• [Information given]:
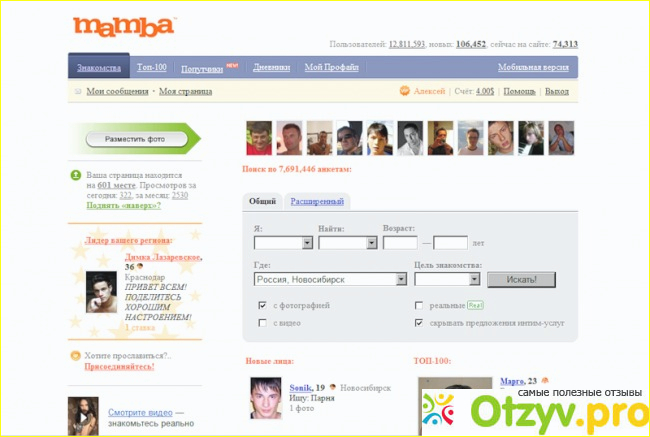 Собственно, о том, что представляет из себя этот сайт. Шапка сайта оформлена достаточно удобно. Есть раздел «Вопросы-ответы», в котором можно самому оформлять вопросы и, таким образом, пытаться завязать знакомство с кем-нибудь, дожидаясь время от времени ответов. На мой взгляд, этот способ является самым быстрым, легким и доступным, чтобы ненавязчиво начать с кем-то общение. Кроме своих вопросов, можно, так же, отвечать и на чужие. Что касается непосредственно поиска, то этим Мамба не отличается чем-то принципиальным от всех остальных сайтов – задаешь параметры поиска и ищешь. Есть так же и дополнительные параметры поиска. В Этом плане создатели сайта подошли достаточно скрупулезно. Это хорошо. Как и на каждом, уважающем себя сайте, есть возможность залогиниться без регистрации, через социальные сети Вконтакте и Facebook. Разумеется, есть возможность лайкать фотографии и даже попадать во всеразличные топы. Без функции доната тоже, естественно, сайт не обходиться. Это поможет вам облегчить прибывание на сайте, если вы настроены решительно засесть и дотошно искать того человека, который может вам подойти. Само собой, присутствует анкета. Это тоже что касается плюсов. Не обязательно же искать человека для романтики, можно найти и просто человека с общими интересами. И, пожалуйста, общайтесь на здоровье. Даже если это общение будет виртуальным. Но это для интровертов. Экстраверты тоже бывают разные, но здравомыслящие будут искать человека для полноценных отношений; поиски для извращений - это удел, в лучшем случае, больных, в худшем – маньяков. Об этом, как не крути, всегда нужно помнить. Оформление сайта выдержано, честно говоря, то ли в какой-то женской манере, то ли… Ну, вы понимаете. Цветовая гамма скорее подходит женщинам. Хотя, возможно, это сделано нарочито – в целях благоговейной атмосферы сайта. Зато можно самому выбирать фон. Правда особым разнообразием обоев этот сайт явно не похвастается. Зато похвастается посещаемостью. Ежедневно туда заходит свыше ста тысяч человек. Соответственно, если вы интроверт, то можете пытать свое счастье среди изобилия женского пола, если вы мужчина или мужского, если вы женщина. Есть там, правда, и представители сексуальных меньшинств и любителей нетрадиционного понимания «любви». Начиная от гомосексуалистов и лесбиянок, заканчивая БДСМщиками или просто озаботками крайней степени. Поэтому, если вы уже и решились, на столь отчаянный шаг как сайт знакомств, будьте осторожны, избирательны и внимательны.
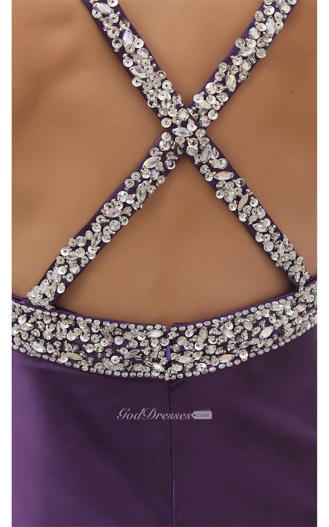 Plunged Satin Front-Split Brush Train and Dress With Gemmed Waist
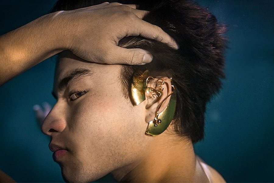 Afbeelding van acteur en activist Chella Man’s sieraden collectie in samenwerking met modemerk Private Policy
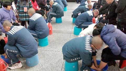 của mình, các tù nhân đã rửa chân cho người thân trong gia đình.
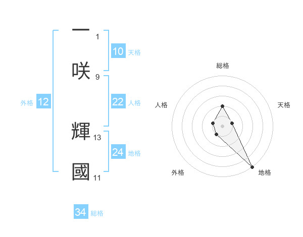 一咲 輝國さんを姓名の画数から五運を鑑定
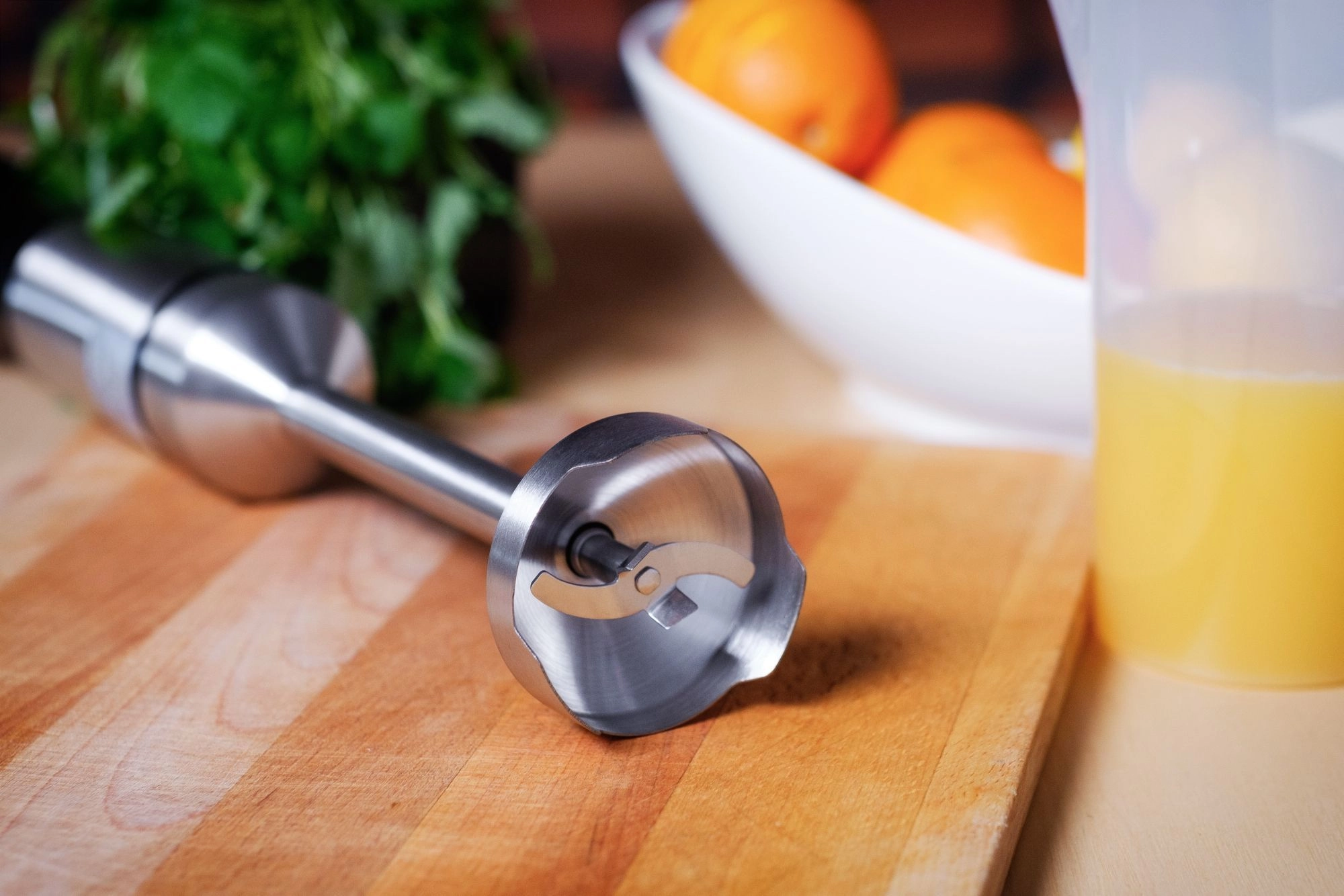 El resistente pie mezclador metálico y las cuchillas dobles de acero inoxidable garantizan resultados finos y una larga vida útil incluso con un uso frecuente.

• [Work request]:
At the line containing "của mình, các", begin reproducing the entries word for word, and continue through their last line. Leave out the pictures.

• [Solution to the problem]:
 của mình, các tù nhân đã rửa chân cho người thân trong gia đình.
 一咲 輝國さんを姓名の画数から五運を鑑定
 El resistente pie mezclador metálico y las cuchillas dobles de acero inoxidable garantizan resultados finos y una larga vida útil incluso con un uso frecuente.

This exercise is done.